I'm someone who talks to their home. Lights, plugs, music — I want it all controlled by voice, naturally, the way I actually speak.

The problem? Every mainstream voice assistant — Alexa, Google Home, Siri — is built for one language, one accent, one culture. When I say "plug band karo" (turn off the plug, in Hindi), they stare blankly. When I switch mid-sentence between Hindi and English the way most Indians do daily, they give up entirely.

I also didn't want a giant cloud box listening to everything in my home, phoning data back to a corporation. I wanted something mine — running on my own machine, talking to my own devices, in my own words.

That's what sparked Dev — a personal voice assistant that understands how I speak, not how Silicon Valley thinks I should.

🏗️ How I Built It

The Pipeline

Every voice command travels through a carefully orchestrated pipeline:

Microphone → VAD → STT → Wake Detection → LLM Intent → Action → TTS → Speaker

Each stage was built and integrated independently:

1. 🎤 Voice Activity Detection (VAD)

I used WebRTC VAD — the same algorithm powering Google Meet — to detect when the user is actually speaking. It classifies short audio frames as speech or silence using energy thresholds and spectral analysis.

The energy-based silence gate:

$$E = \frac{1}{N} \sum_{i=1}^{N} x_i^2$$

where $x_i$ are audio samples and $N$ is the frame size (typically 480 samples at 16kHz). Frames with $E$ below a tuned threshold are discarded before sending to the STT API — saving both latency and API costs.
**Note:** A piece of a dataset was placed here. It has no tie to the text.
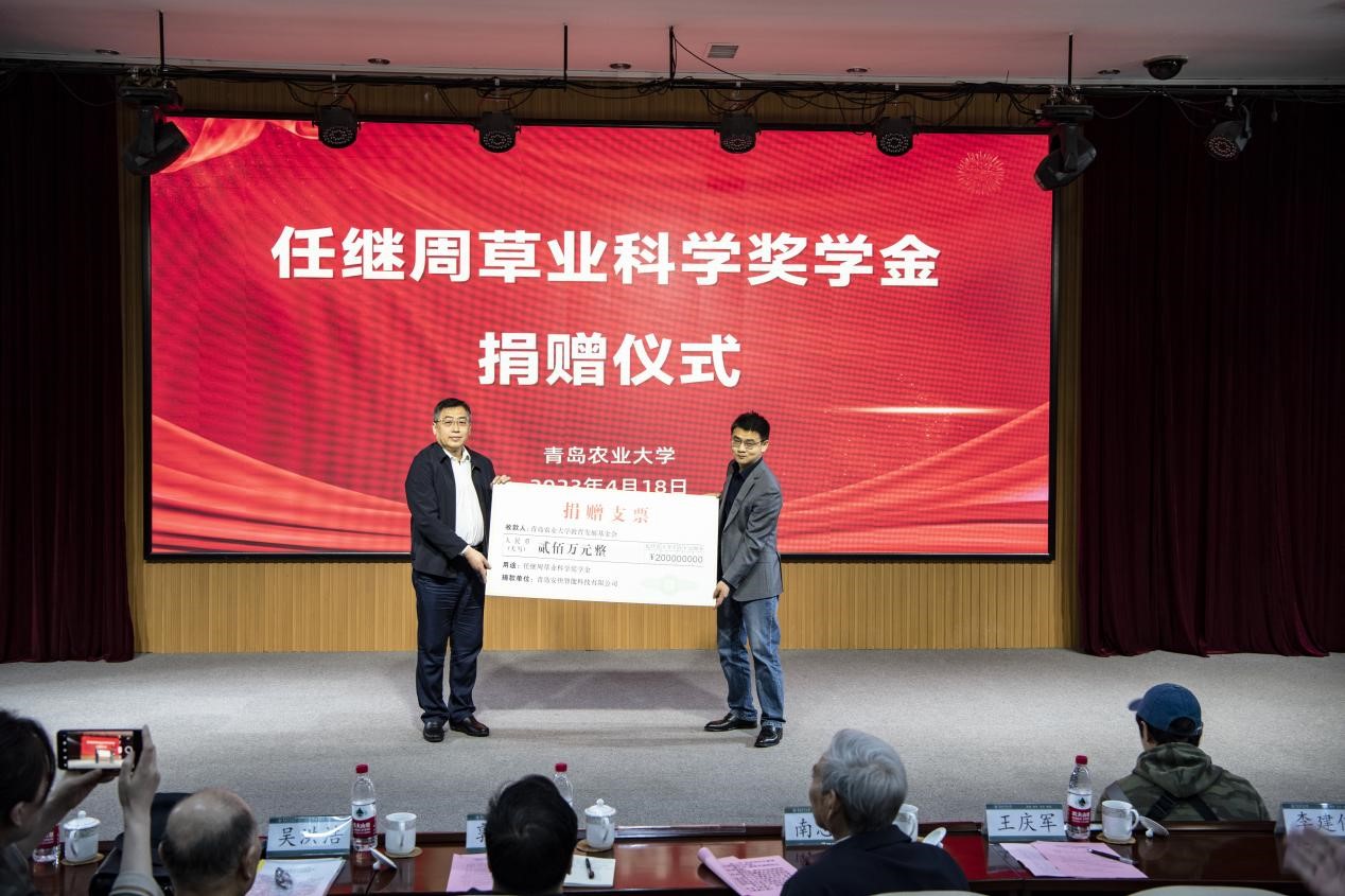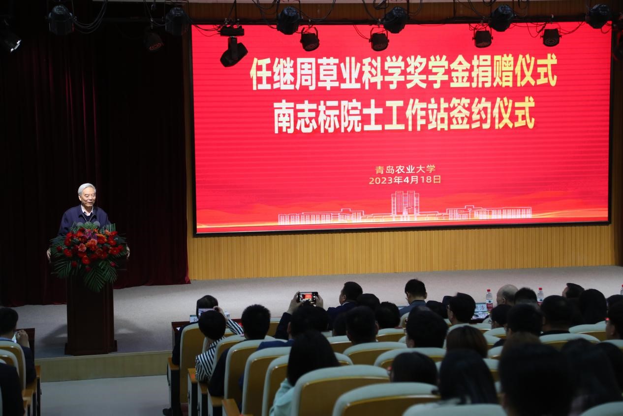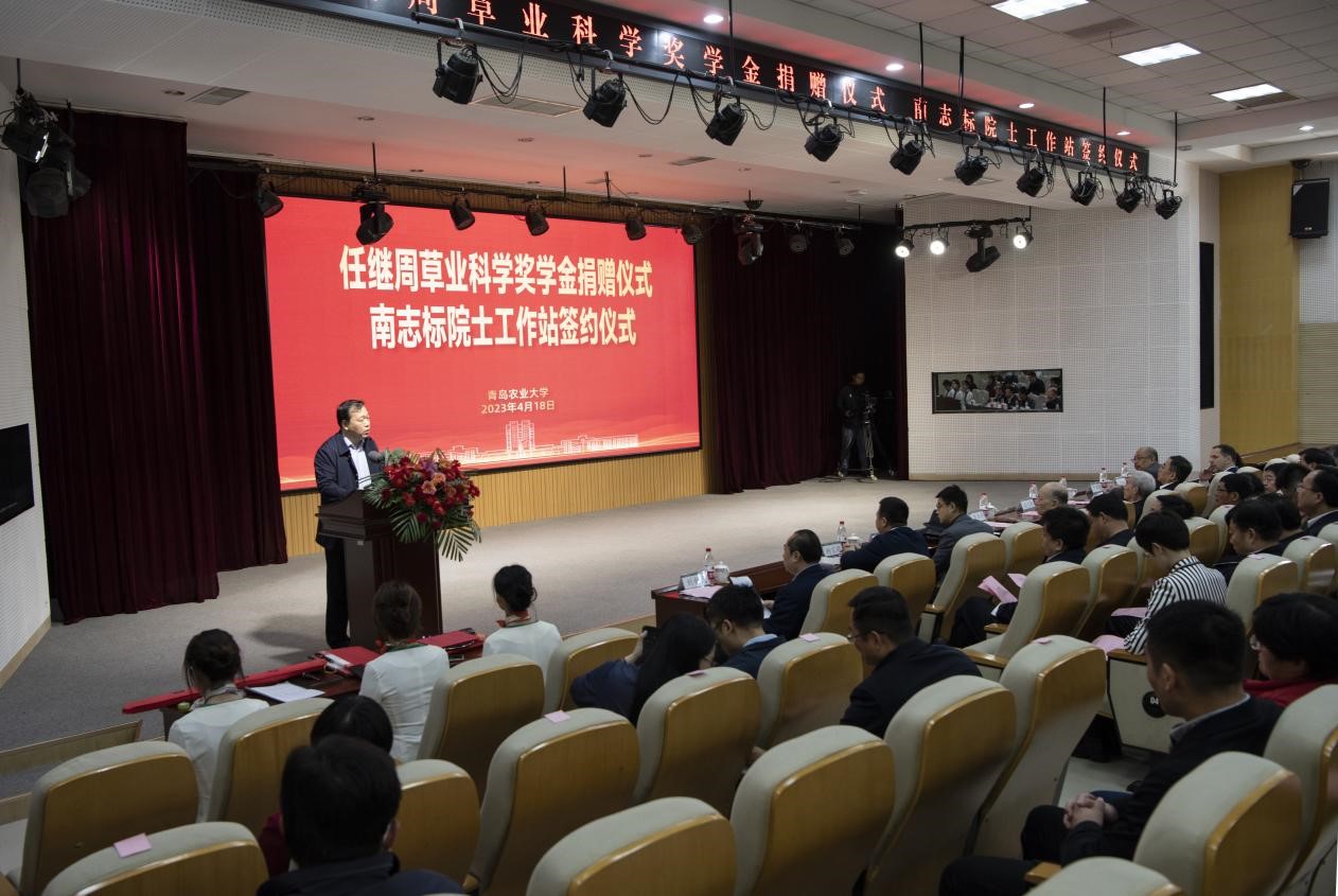 4月18日,任继周草业科学奖学金捐赠仪式、南志标院士工作站签约仪式在122cc太阳成集团官网学术会馆第二报告厅成功举行。中国工程院南志标院士,青岛农业大公司党委书记郭善利同志,122cc太阳成集团官网董事长刘新民同志, 公司党委副书记、校教育发展基金会理事长王庆军同志,国内高校、科研院所草业领域专家学者,关心太阳成集团tyc122cc发展的社会人士,公司教育发展基金会全体理事和相关部门负责人,太阳成集团tyc122cc负责人及师生代表出席和参加了仪式,仪式由刘新民董事长主持。
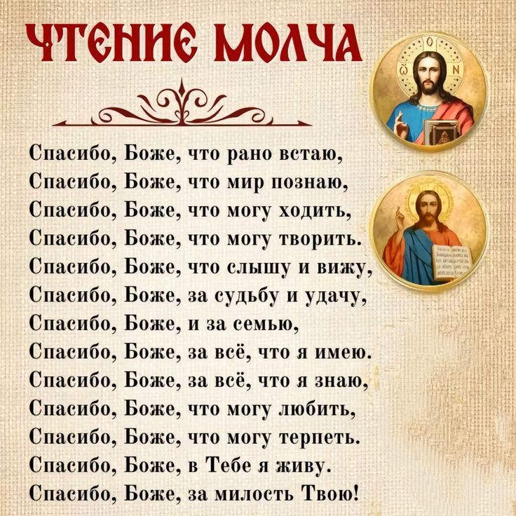 Изображение представляет собой текстовое оформление в религиозном стиле. В верхней части изображения крупными красными буквами написано "ЧТЕНИЕ МОЛЧА" на фоне текстурированной поверхности, напоминающей ткань теплых оттенков. Текст молитвенных благодарностей расположен по центру листа, написан чёрными буквами и включает благодарности Богу за различные аспекты жизни. В правой части находятся два иконических изображения Иисуса Христа, украшенные золотыми ореолами. Верхнее изображение показывает Христа с поднятой рукой и книгой, символизируя мудрость и божественное руководство, а нижнее изображение показывает Христа с жестом благословения. Текстуры и цветовая гамма складывают впечатление святости и благодарности, усиленное гармоничным сочетанием визуальных элементов. В нижнем правом углу расположен логотип "postila.ru" ярко-красного цвета, который добавляет современный акцент к традиционному оформлению.

2. 🗣️ Speech-to-Text — Sarvam AI

I chose Sarvam AI's saarika:v2.5 model specifically because it's trained on Indian languages and accents. It handles Hindi, transliterated Hindi (Hinglish), and Indian-accented English far better than generic STT APIs.

3. 🔍 Wake Word Detection

A lightweight regex + string matching layer checks for phrases like "hi dev", "hey there", "hi there" before invoking the expensive LLM. This keeps the system efficient — the LLM only runs when the user is actually commanding Dev.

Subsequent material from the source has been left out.